Выбрать главу

Наконец процессия закончила свой путь и остановилась перед воротами, в которые вошла. Двое стражей сняли Ортайяса с седла и бросили на землю перед Туризином Гаврасом. Несчастный тут же простерся ниц перед Императором.

Гаврас поднялся.

— Мы видим твою покорность, — сказал он. Акустика Амфитеатра была столь хороша, что слова его были услышаны на самой дальней скамье. — Отказываешься ли ты раз и навсегда от всех прав на престол нашей Империи, охраняемой Фосом?

— Да, конечно. Я отдаю тебе престол по доброй воле. Я…

Время, отпущенное Ортайясу для ответа, истекло, и Туризин остановил его нетерпеливым жестом.

Гай Филипп еле слышно хмыкнул:

— Некоторые вещи не меняются никогда. Держу пари, этот дохлый ублюдок сочинил двухчасовую речь об отречении от престола.
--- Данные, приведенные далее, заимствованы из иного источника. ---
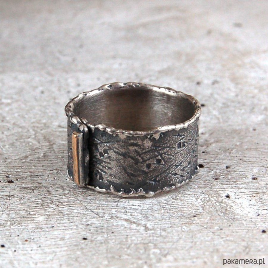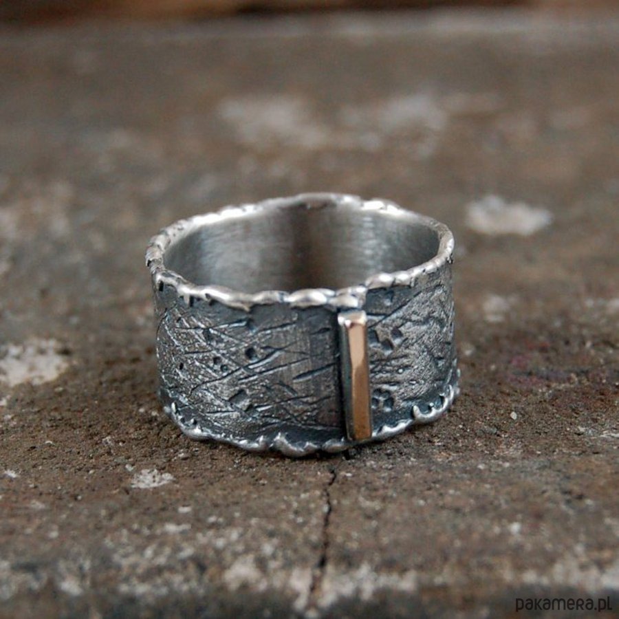 Obrączka ze srebra i złota. Złoto próby 585. Srebro surowe, oksydowane. Obrączka szerokości 1,2 cm. Proszę o podanie rozmiaru (maksymalny rozmiar 29).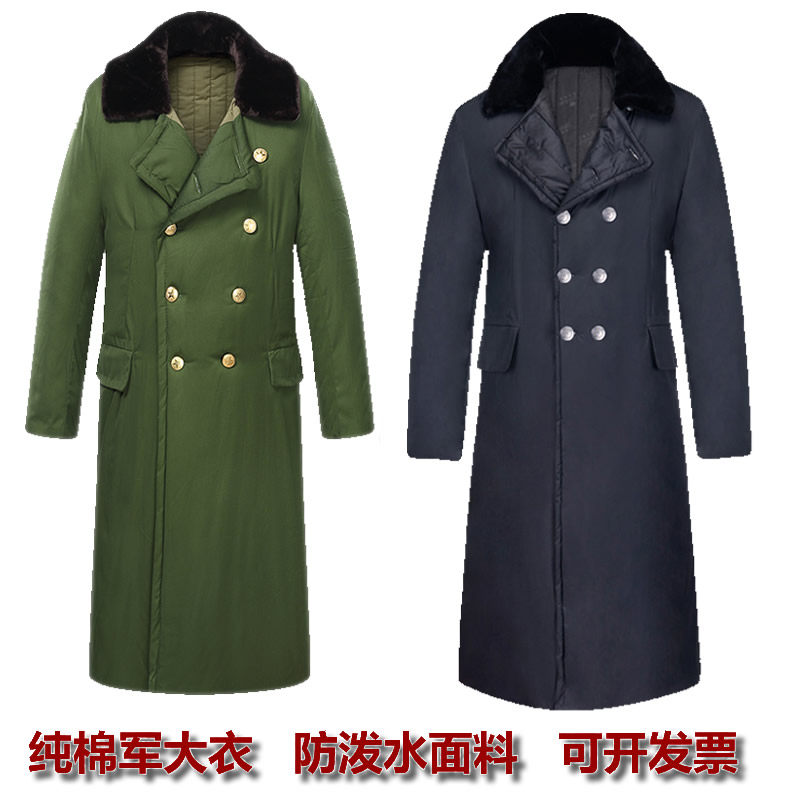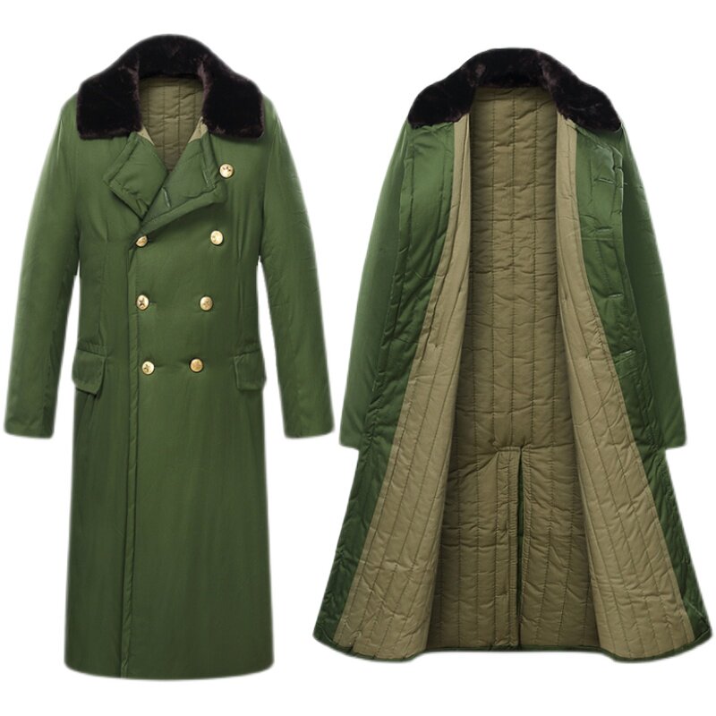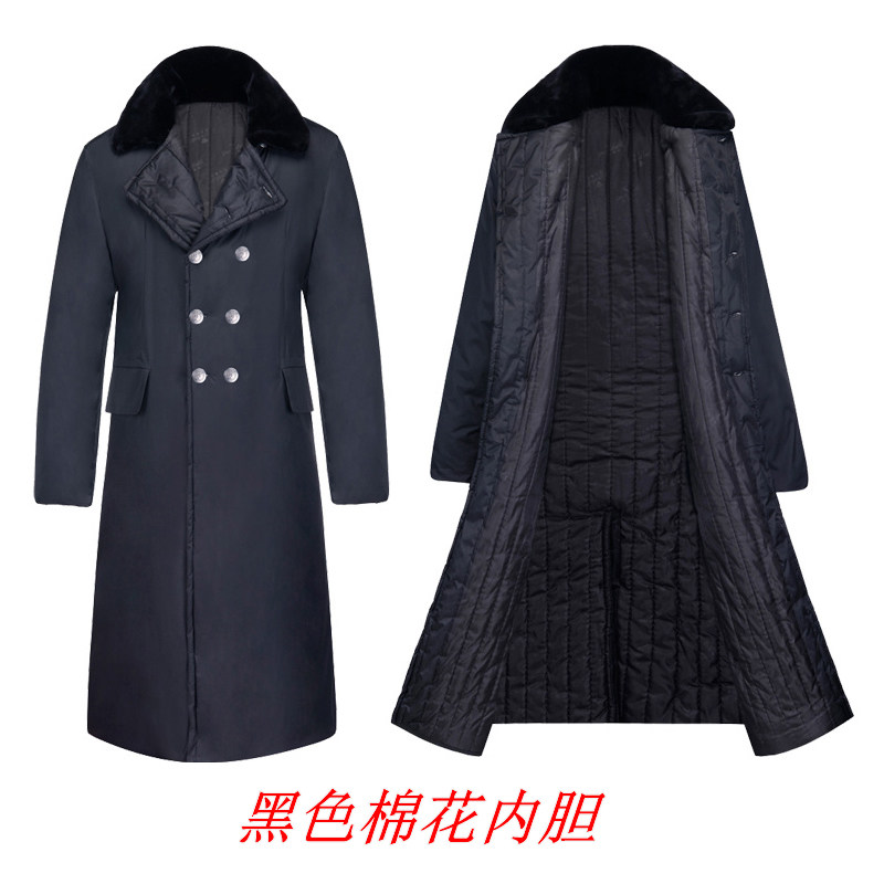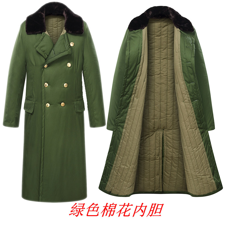 Army green cotton coat long version windproof thickened winter pure cotton cold storage lapel cold security guard duty clothing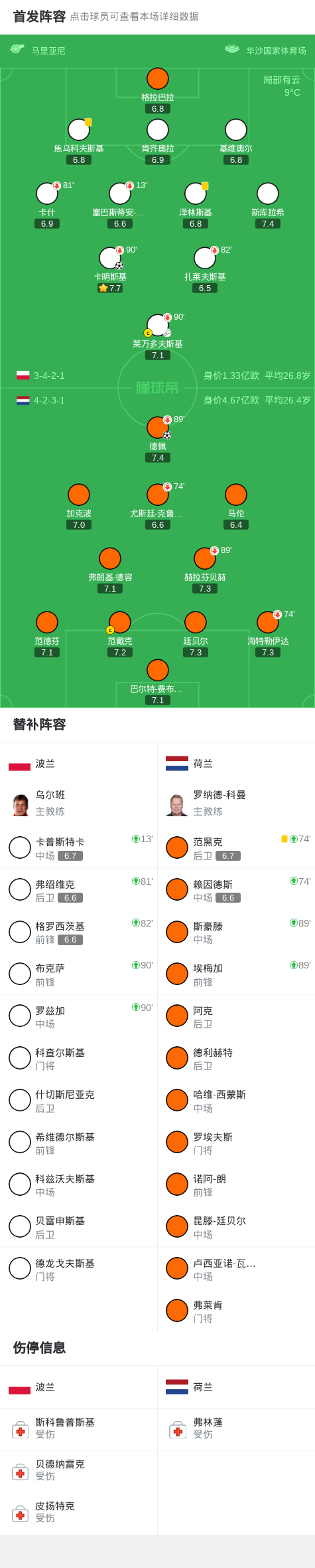荷兰客场1-1波兰,德佩、卡明斯基破门,莱万送助攻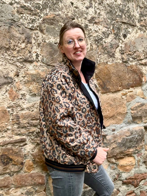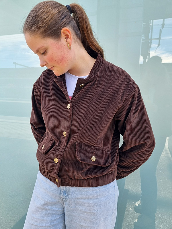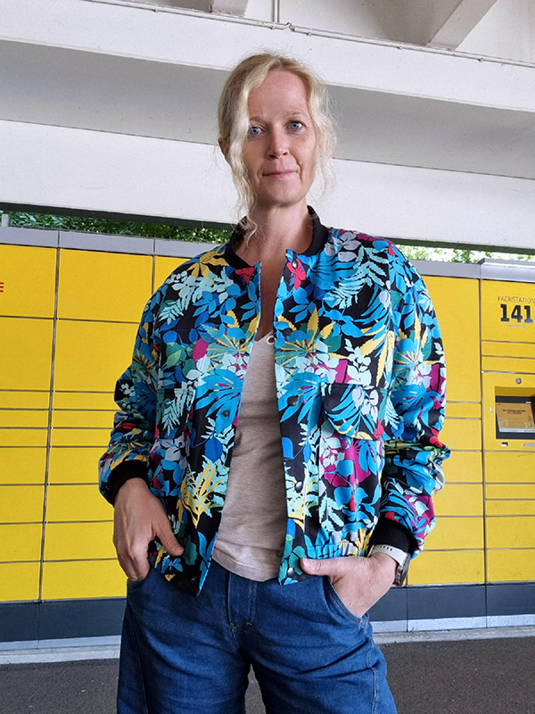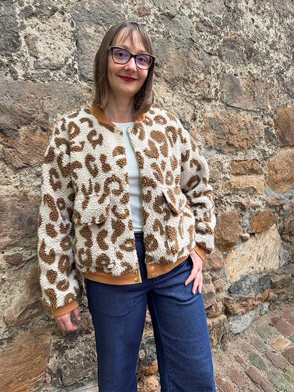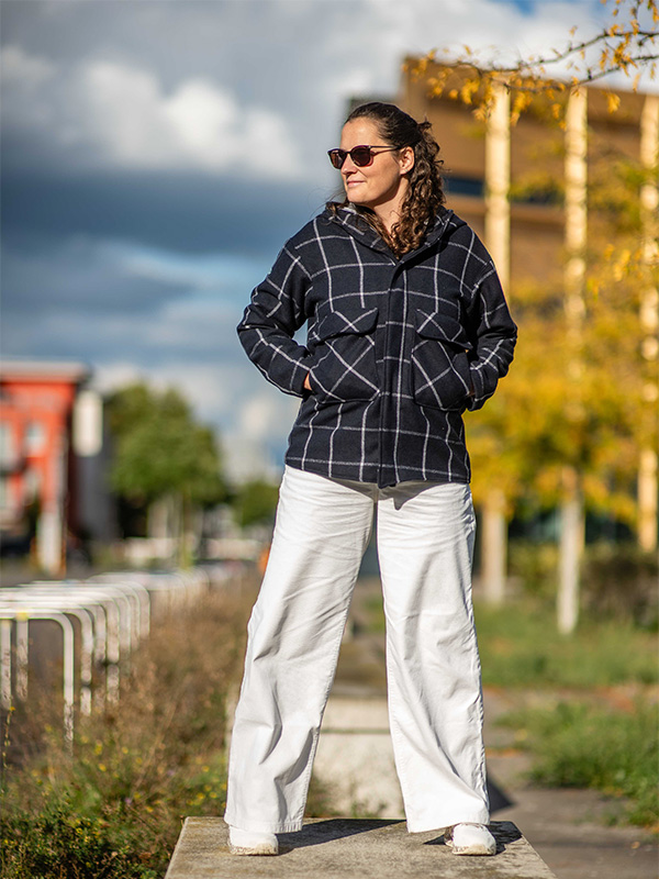 Das Schnittmuster für eine Damenjacke BESS hat überschnittene Schultern und lässige Ärmel. Dieser Blouson ist bequem und leicht oversize geschnitten, so dass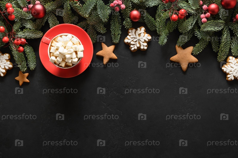 Рождественский кофе с зефиром, глазированным печеньем, красной ягодой падуба на черном фоне. Рождественская открытка с копией пространства. Вид сверху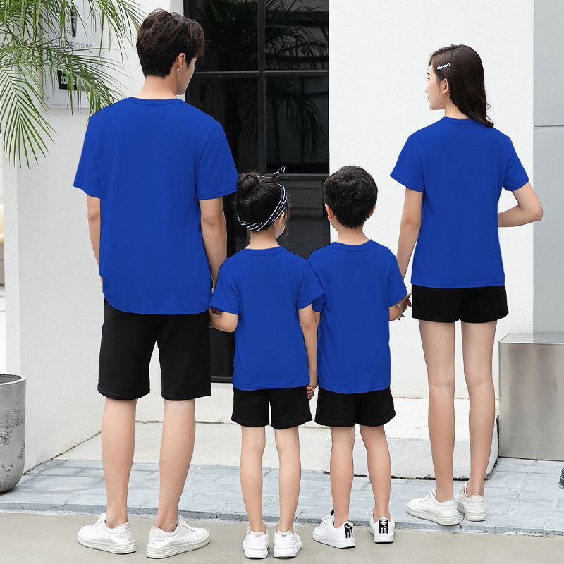 克莱因蓝亲子装t恤2023新款夏季一家三口休闲深蓝纯色短袖母女装

Она наверняка лежит у него в кармане, составленная по всем правилам.

— Теперь награда за предательство, — снова заговорил Туризин.

Стражи подняли Ортайяса за ноги и быстро сдернули с него плащ, задрав его Сфранцезу на голову. Толпа заулюлюкала.

— До чего же щуплый пацан, — пробормотал Гай Филипп.

Один из стражей, более крепкий и мускулистый, чем другие, отступил на шаг от несчастного Сфранцеза и дал ему хорошего пинка. Ортайяс взвизгнул и упал на колени.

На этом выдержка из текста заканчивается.